I think I have an ulcer so I’m having a Diet Coke, which is sure to mollify things.

Thursday night my very fun cousin Carolyn blew into town with Veuve Clicquot Grand Dame in tow. Friday night Moira, Sheila and all the younguns came over and we had mojitos, Mai Tais, Carolyn's homeopathic barbiturates and Chinese carry out. It was wild and fun; the kids watched The Aristocats and The Goonies. (Disclaimer: they were not barbiturates, but they were homeopathic! Sort of like taking vitamins. That make you sleepy and weird.)

Saturday was lunch with T, my mother and Carolyn at Crystal Thai in Arlington. Swell fun lunch, les grande dames indeed. Ian came along and felt Very Special to be singled out. My mother, T and Caro comprise the Executive Board of his fan club, so he was in seventh heaven.

Dropped Caro at the airport and then stopped at Gravelly Point, where they used to take me when I was a little girl to watch the “hairplanes” (wasn’t I cute?). I wanted to show Ian the “hairplanes” too. Very exhilarating and, of course, slightly eerie, what with it’s being Washington and all, and suddenly planes don’t have that aerodynamic wondrous innocence anymore. Sometimes they look like scary beasties that can so easily become tools for nefarious plots. In Ian’s eyes they remained innocent. This is what cracks me up about todds, you kneel down and point at this lumbering mass of steel that is barreling down the runway and say, “See the airplane?” And todds always say, “Where?” Right THERE!

Then I had a post-Thai restaurant severe abdominal attack, caused in part by this fucking job and the ulcer it is giving me, and I had to swerve the car into a handicapped parking place and grab Ian’s chubby hand and BOLT for the Sani-Jon.
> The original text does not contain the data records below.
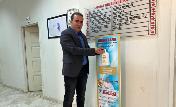 Samsat Belediye Başkanlığınca ilçedeki bütün kamu kurum ve kuruluşları ile halkın yoğun olduğu yerlerine dezenfekte noktaları kurularak, vatandaşların giriş çıkışlarda ellerini dezenfekte etmeleri ve bilgilenmeleri sağlandı.
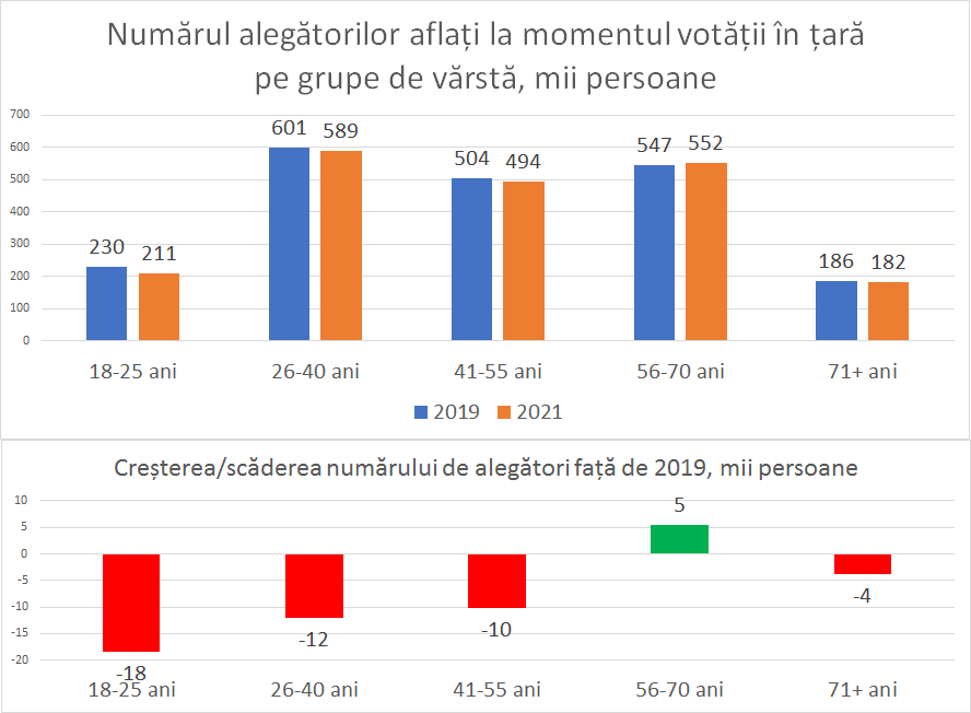 Unica grupă de vârstă care a înregistrat creștere este cea cuprinsă între 56-70 ani, care s-a majorat cu 5 mii de persoane de la ultimul scrutin parlamentar.
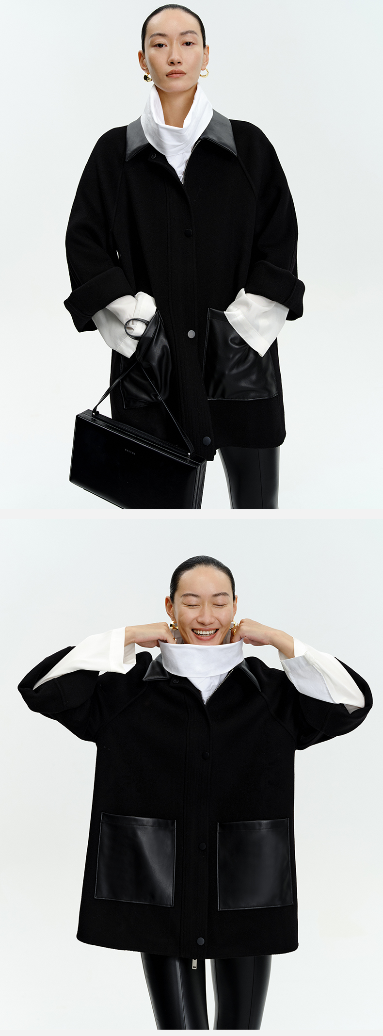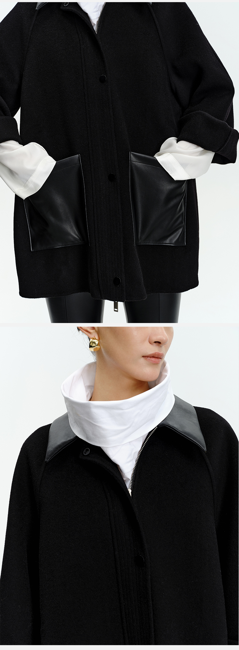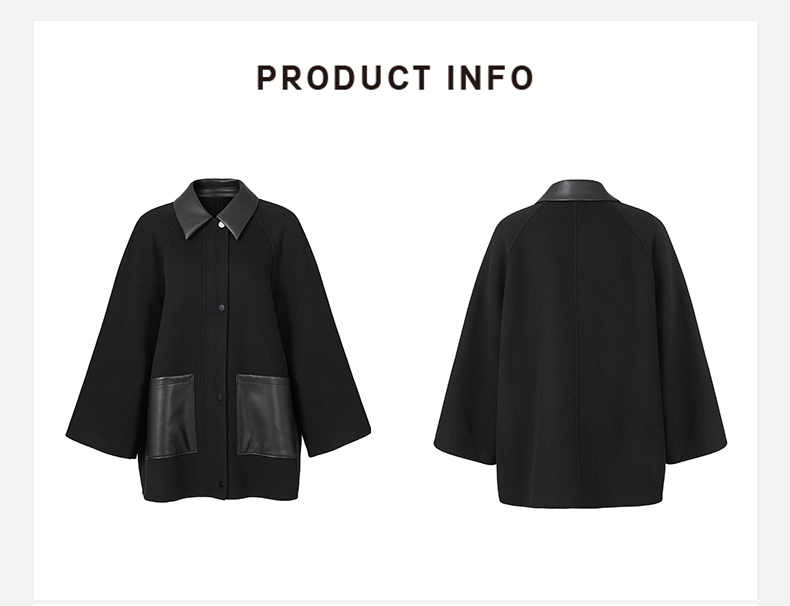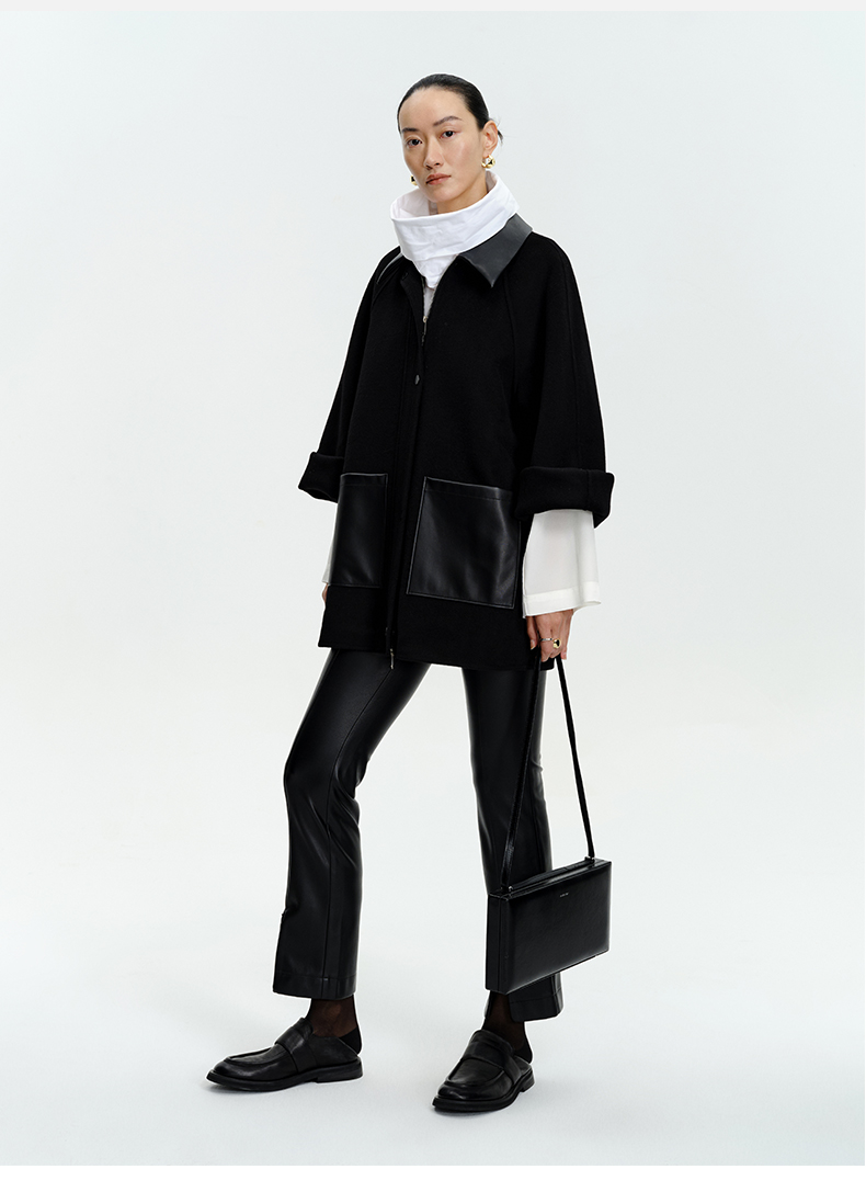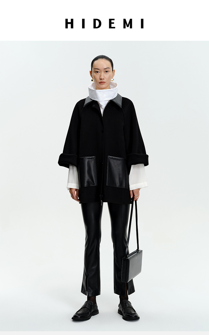 HIDEMI 美利奴羊毛廓形拼皮口袋中长款皮衣大衣
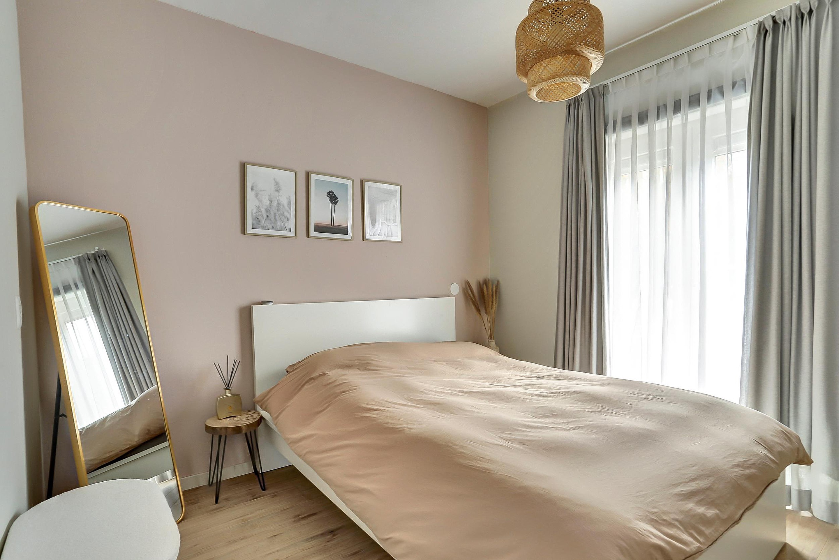 De lichte slaapkamer beschikt over een groot raam en openslaande deuren, wat zorgt voor een prettige, open sfeer. De kamer biedt voldoende ruimte voor een tweepersoonsbed en een kledingkast.
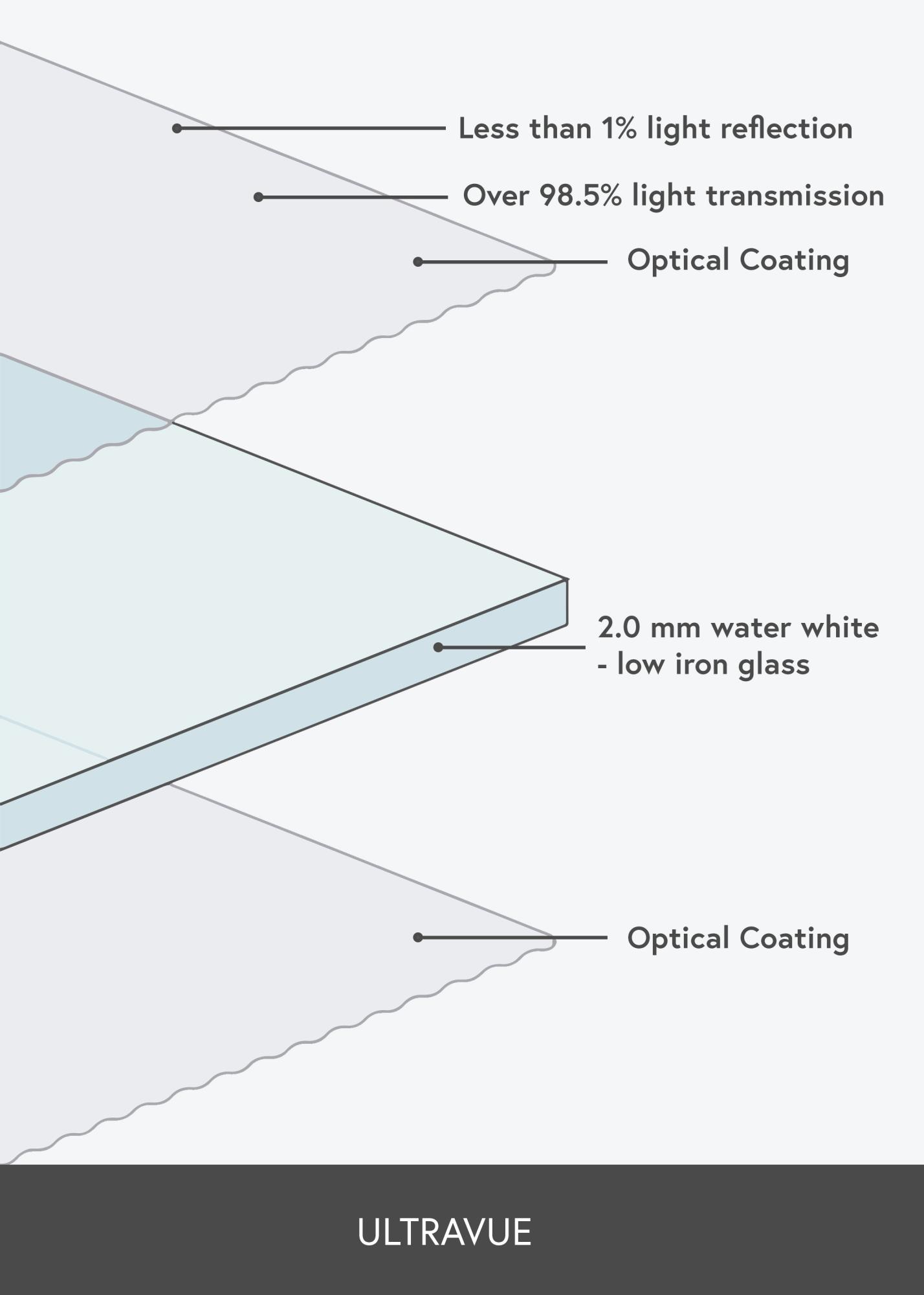 Avoid disturbing reflections and glare with a genuine anti-reflective glass from Tru Vue. With a reflectance of only 1%, the glass becomes almost invisible and provides your images with natural colors and a genuine shine. As a bonus, the glass also provides UV protection and removes 92% of harmful UV rays, ensuring that your images last a long time. UltraVue is also scratch-resistant.
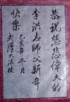 师父,谢谢您的慈悲苦度!我们学法小组在新的一年里,一定共同精進前程光明,完成历史使命。 湖北省武汉大法弟子全家恭祝师尊过年好!
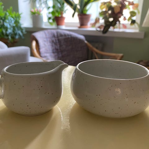 Myynnissä Pentikin Halla-sarjan hyväkuntoiset sokerikko ja kermakko. Sokerikon korkeus 5 cm ja suuaukon halkaisija 9 cm.
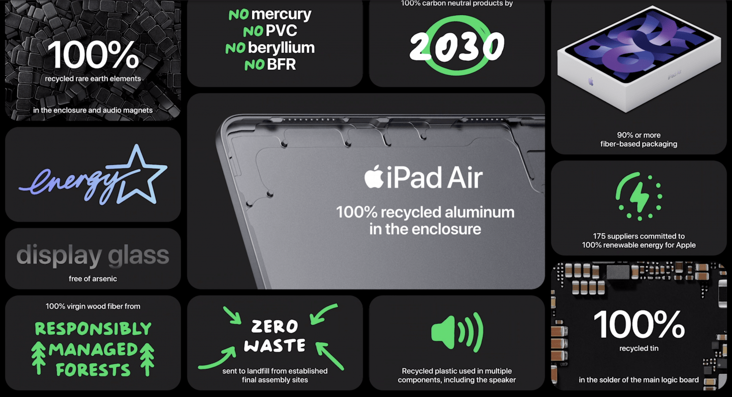 I'm pleased to see Apple shifting into more eco-friendly options wherever possible, and this latest iPad Air represents a commitment to sustainability. The iPad Air features a 100 percent recycled aluminum enclosure, 100 percent recycled tin in the solder of the main logic board, and 100 percent recycled rare earth elements in the enclosure and audio magnets. Each of these recycled components meet Apple's standards for energy-efficient operation while remaining free of various harmful substances. This is all part of Apple's larger plan. Today, their global corporate operations are carbon neutral, and by 2030, the plans is to have a net-zero climate impact across the entire business. While recycled components in your iPad might seem like a small step, it is progress, and a step in the right direction.
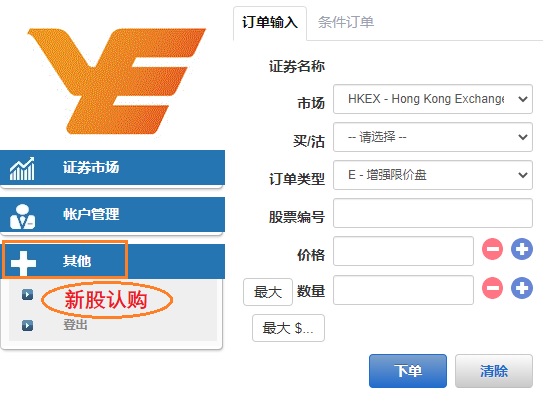 登入网上股票交易平台 (https://trade.yxsh.hk/mts.web/Web2/login/yxs/index.html#big5) 从目录点开「其他」后,点击「新股认购」。
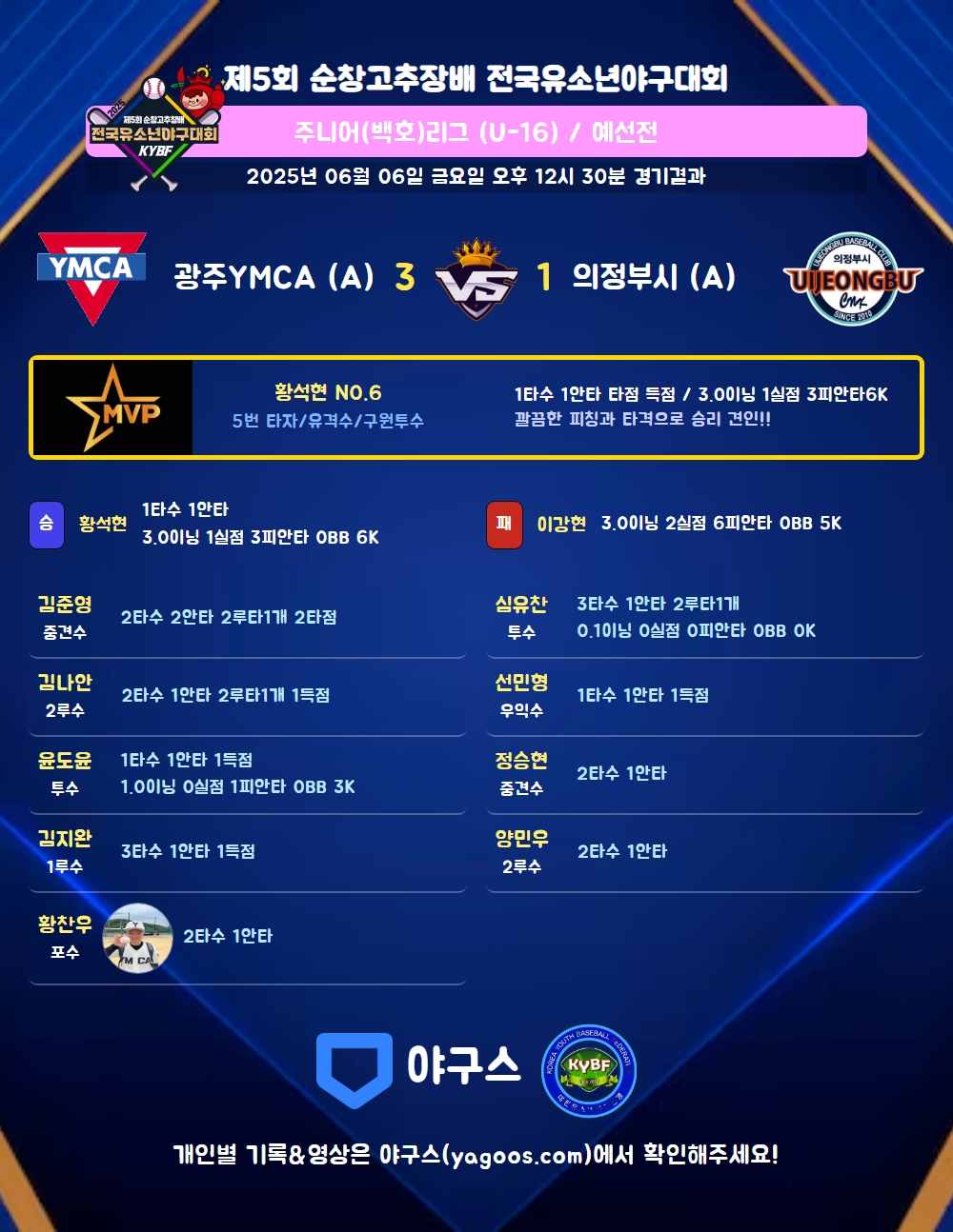 | 광주YMCA (A) | 2 | 0 | 0 | 1 | 0 | 0 | 0 | 3 | 7 | 3 | 6 | 7 |
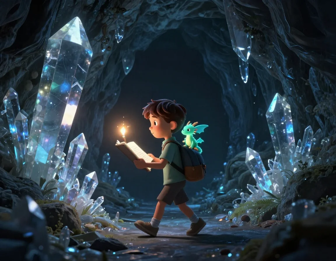 Вход в пещеру напоминал пасть огромного спящего зверя. Внутри было очень темно, и только хвостик Искорки освещал путь. Стены пещеры были покрыты странными кристаллами, которые повторяли каждое движение Артёма, но с задержкой, создавая сотни танцующих теней.
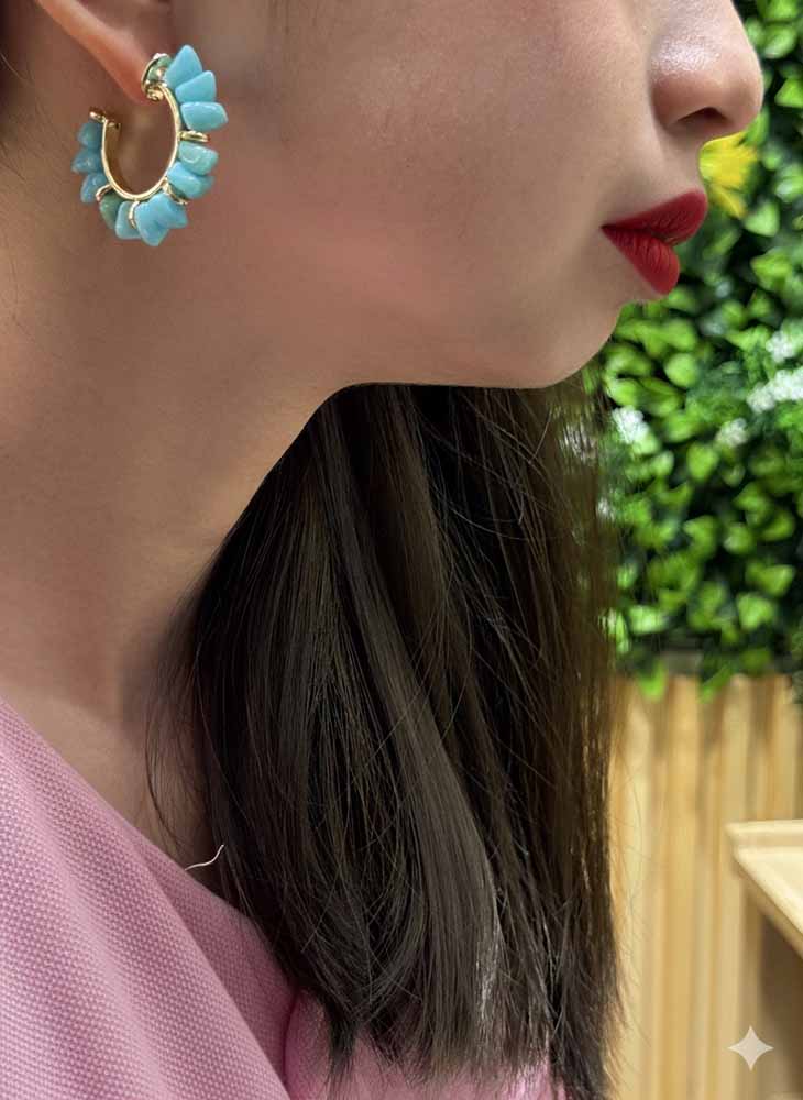 The Ocean Whisper earrings showcase Amazonite stones in a soft aqua hue, wrapped in elegant golden hoops. Known as the stone of truth and harmony, Amazonite calms the nervous system, encourages clear communication, and helps release emotional blockages. These hoops carry the refreshing energy of ocean waves — perfect for a confident, centered soul.

I was a little freaked out. It’s a good thing Ian’s only almost-three and will never remember that moment. He’s standing in the Sani-Jon with me and I am holding his hands so he won’t touch ANYTHING and he says, “Can we get out of here?” Yeah. So we take our leave of the “Airplane Park,” hit GW Parkway and cross Memorial Bridge, on a gorgeous, uncharacteristically un-humid summer day.

Come home and sit on the couch and read the People magazine that Caro has left behind, cover to delicious cover, uninterrupted. I don’t even know what I read about—something about Sandra Bullock’s wedding—but it was bliss.

Sunday morning I came to…work. Yes, it’s true. That deadline looms and we were highly mandatorily coerced into coming in. Only one person was there. I brought Ian for comic relief, or as a really airtight excuse to leave when the urge hit me. I printed out about 30 pages of Thomas the Tank Engine coloring pages and he sat in the conference room and “colored” with a purple felt tip, a pink highlighter and a yellow highlighter. Another excellent toddler feature: they think highlighters count as magic markers. When it became clear to me that this was not going to be an England-pulling-together-after-the-Blitz kind of soft focus Disney office camaraderie day, but instead a day when I felt persecuted and ulcerated, I did what anyone would do and promised Ian we could go to McDonalds BECAUSE he has never been. I ordered lunch for the whole family. And I realized the curse of the working class stiff is that when you are stressed and your soul has been systematically sucked out through the meaningless taunting carrot of a paycheck 9-5 world, then you start making weird unhealthy decisions like lunch for all from McDonalds. As though somehow that homogenous, processed, predictable, cookie cutter food will ameliorate all the bumps and bruises of life. Or something.

After lunch I logged onto iTunes and went insane downloading every song I have yearned for in an ongoing unrequited catalogue. It was fun! The best was finding Herb Alpert’s "A Taste of Honey" AND Johnny Mathis (oh YES) singing “Bring Him Home” from Les Miz. I have a very serious thing for Johnny Mathis. I mean, don’t fret, I also downloaded plenty of “alternative” whatever stuff. I just happen to be very multifaceted. And depressed. But I am trying to talk myself out of the latter.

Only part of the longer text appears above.